The Information Barrier Recedes

We're all aware that women aren't less capable of understanding or navigating digital asset markets. In fact, the research consistently shows better long-term investment outcomes among women who do invest. For example, a Fidelity analysis of 5.2 million accounts found women outperformed men by 0.4% per year on average, largely because they trade less and don't try to time the market.

That finding deserves a bit more attention than it usually gets, because it cuts directly against the narrative that treats investing confidence as something correlated with investing skill. The behaviors that tend to produce better long-term outcomes, patience, less frequent trading, less impulsive reaction to short-term volatility, are not things women lack. If anything, the data suggests these are areas of relative strength. The gap isn't a capability gap. It's a starting-line gap, created by access, marketing, and community, not by any difference in aptitude.

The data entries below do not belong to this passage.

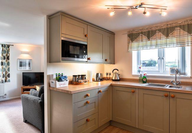 Set within the picturesque grounds of the owners' home, you can enjoy peaceful walks and explore the unspoiled landscapes. Ideal for families, this cottage boasts a spacious and welcoming interior. The open-plan living area on the first floor features a well-equipped kitchen with an electric oven and hob, microwave, fridge, and freezer, making it easy to whip up delicious meals after a day of adventure. Gather around the dining table to share an evening meal or unwind on the sofa in front of the TV, while taking in the beautiful countryside views through the large windows.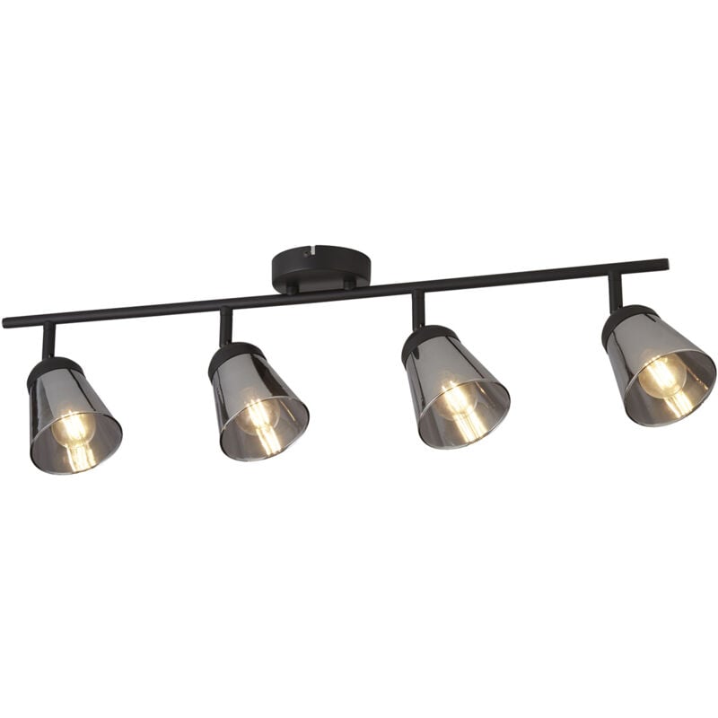 Collezione Mega MODERNA E FUNZIONALE Il faretto da bar Mega 4Lt è un'aggiunta elegante e funzionale che aggiunge un tocco di modernità a qualsiasi spazio. Realizzato in resistente metallo nero e vetro fumé, presenta un design elegante e contemporaneo che si abbina a un'ampia gamma di stili di interior design. Con i suoi paralumi in vetro fumé, la natura colorata e semitrasparente del vetro crea un'estetica sofisticata e moderna, rendendolo la scelta ideale per spazi contemporanei, industriali o anche di ispirazione vintage. I 4 paralumi in vetro fumé sono completamente regolabili per dirigere la luce dove necessaria, rendendola una luce ideale per una zona giorno o anche per una cucina.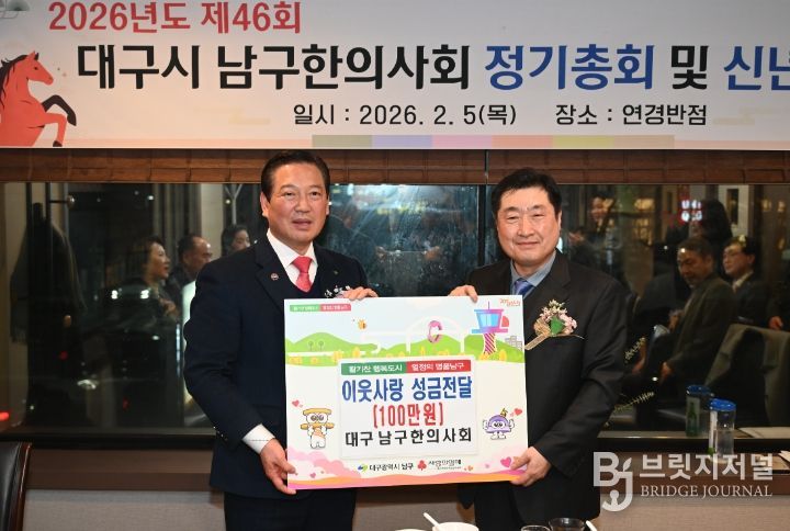 브릿지저널 김진석 기자 | 대구 남구는 지난 5일 대구 남구 한의사회(회장 이재환)에서 새해를 맞아 이웃 돕기 성금 100만원을 기탁했다고 밝혔다.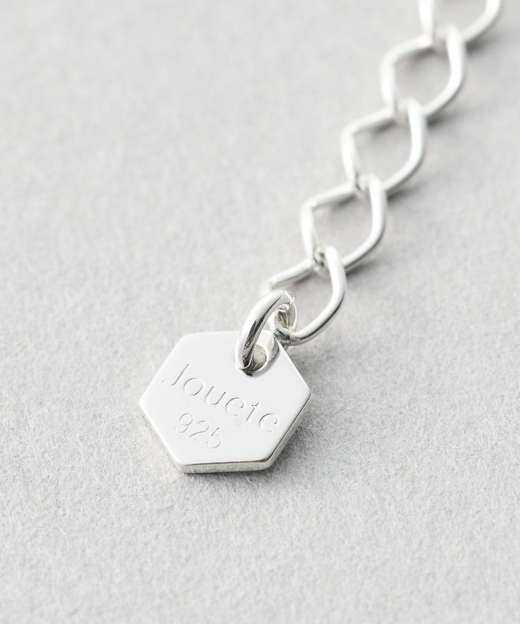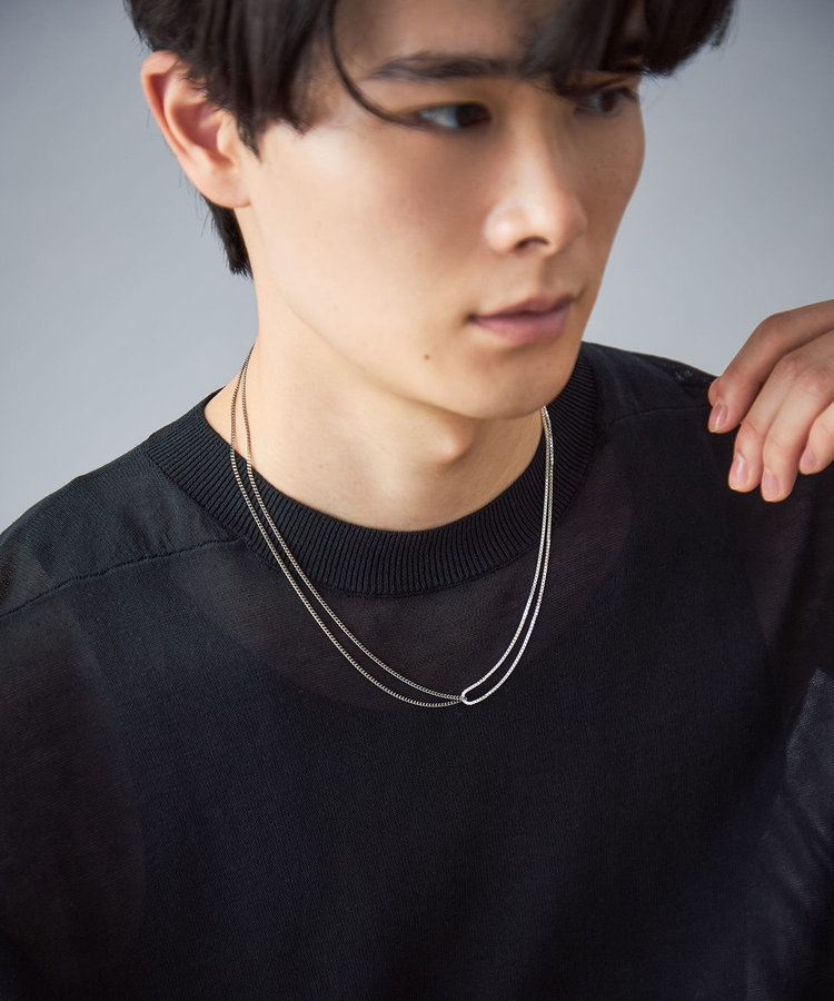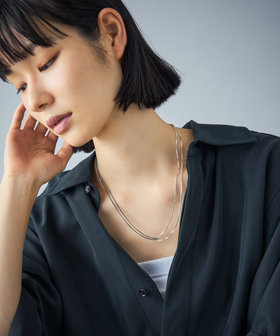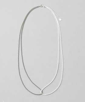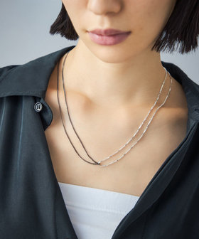 カラーもデザインも異なるチェーンが、お互いを引き立てあうネックレス。
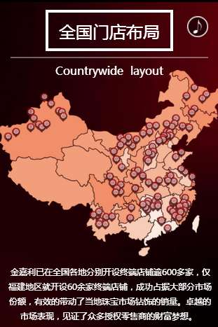 金嘉利已在全国各地分别开设终端店铺达600多家,仅福建地区就开设60余家终端店铺,成功占据大部分市场份额,有效的带动了当地珠宝市场钻饰的销量。卓越的市场表现,见证了众多授权零售商的财富梦想。
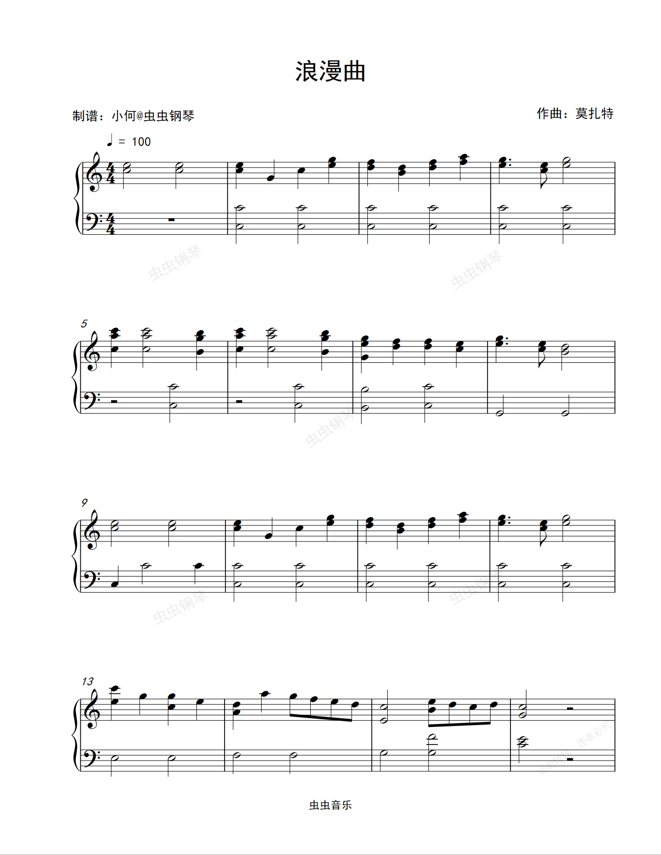 钢琴谱:浪漫曲-Romance-简单版-莫扎特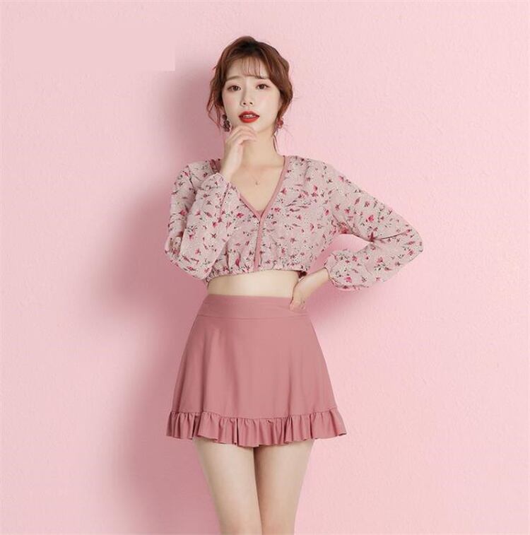 スリム スカート セット 気質 温泉 水着 新品 長袖 花柄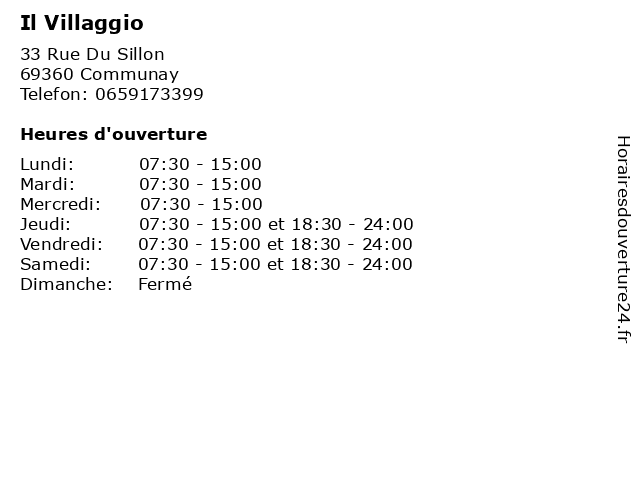 Samedi | 07:30-15:00 et 18:30-24:00 |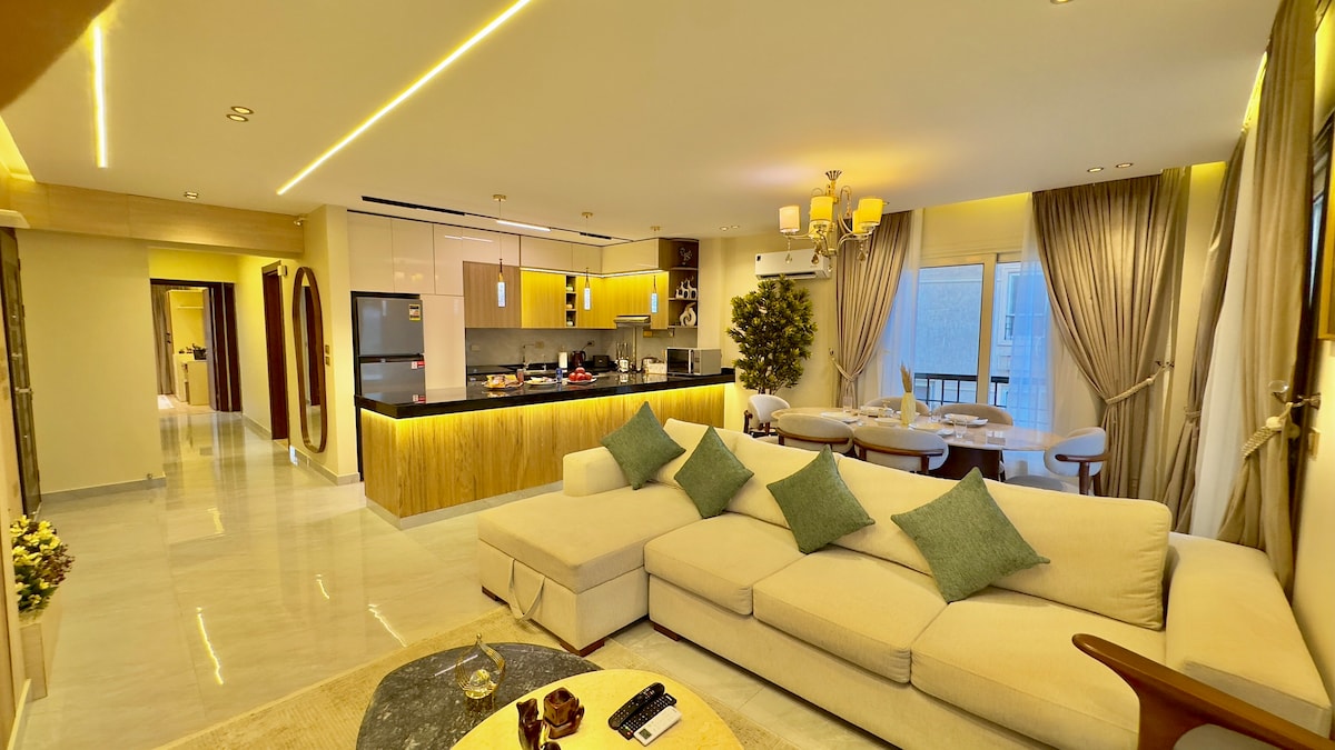 Disfruta del lujo boho moderno en este nuevo apartamento (octubre de 2025) ubicado en la prestigiosa West Golf Extension, New Cairo, a pocos minutos de 5A Walkway, Cairo Festival Mall y los vibrantes lugares de Katameya. Disfruta de un dormitorio principal presidencial, 4 televisores inteligentes, aire acondicionado oculto, persianas eléctricas y electrodomésticos completamente nuevos en un espacio luminoso y elegante. Perfecto para los huéspedes que buscan comodidad, estilo y una experiencia de lujo en El Cairo.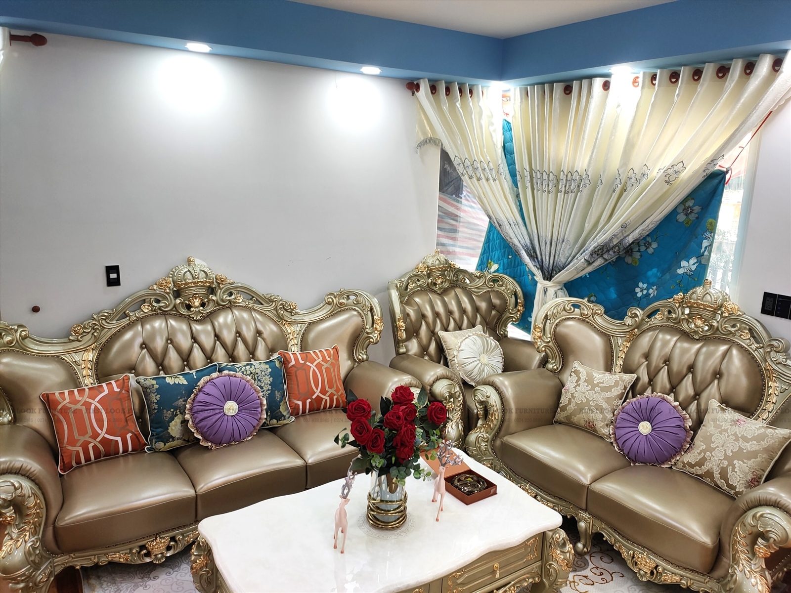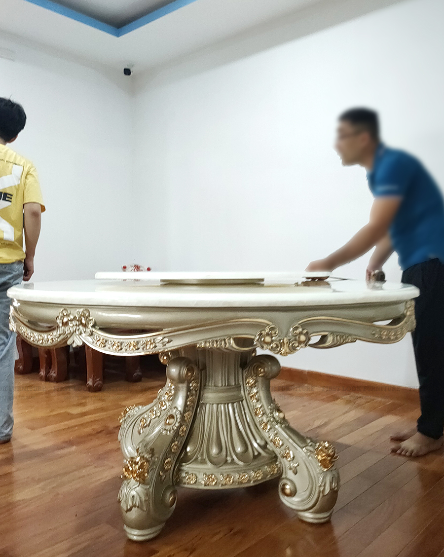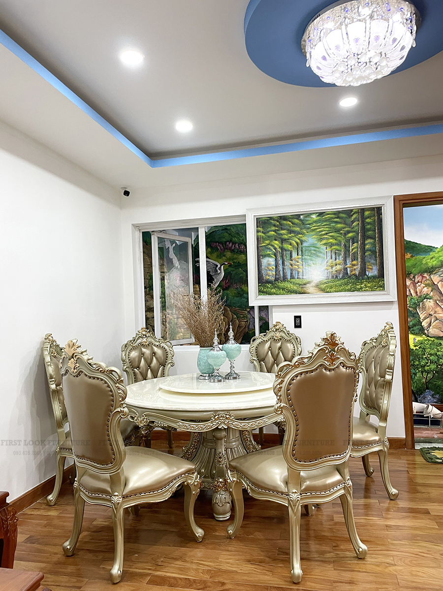 Từng đường nét chạm khắc tinh xảo, ánh vàng lấp lánh được phủ thủ công tỉ mỉ, kết hợp cùng chất liệu gỗ tự nhiên cao cấp và thiết kế mềm mại mang đến sự hoàn hảo tuyệt đối. Bộ sofa sang trọng cùng bàn ăn tròn cổ điển tone vàng tạo nên một tổng thể thống nhất – vừa bề thế, vừa tinh tế – biến ngôi nhà trở thành không gian nghệ thuật đầy kiêu hãnh.

The gap is about access to clear information and feeling like the space was built with you in mind. That's a solvable problem, and it's one that a fairly small, deliberate set of resources can meaningfully chip away at. None of the five resources above requires a technical background, a large sum of money, or an existing network in crypto. What they require is a bit of time, spread out consistently, and a willingness to start with the resource that feels least intimidating rather than the one that seems most impressive.

Maybe it wasn't built with you in mind at first, but this is now changing, and the resources exist to close that gap faster than it took to open it. For best results, start with one resource on this list, spend a month with it, then pick another. There's no prize for speed here, and no penalty for taking your time. The only real mistake is assuming the information isn't for you before you've had a chance to see that it is.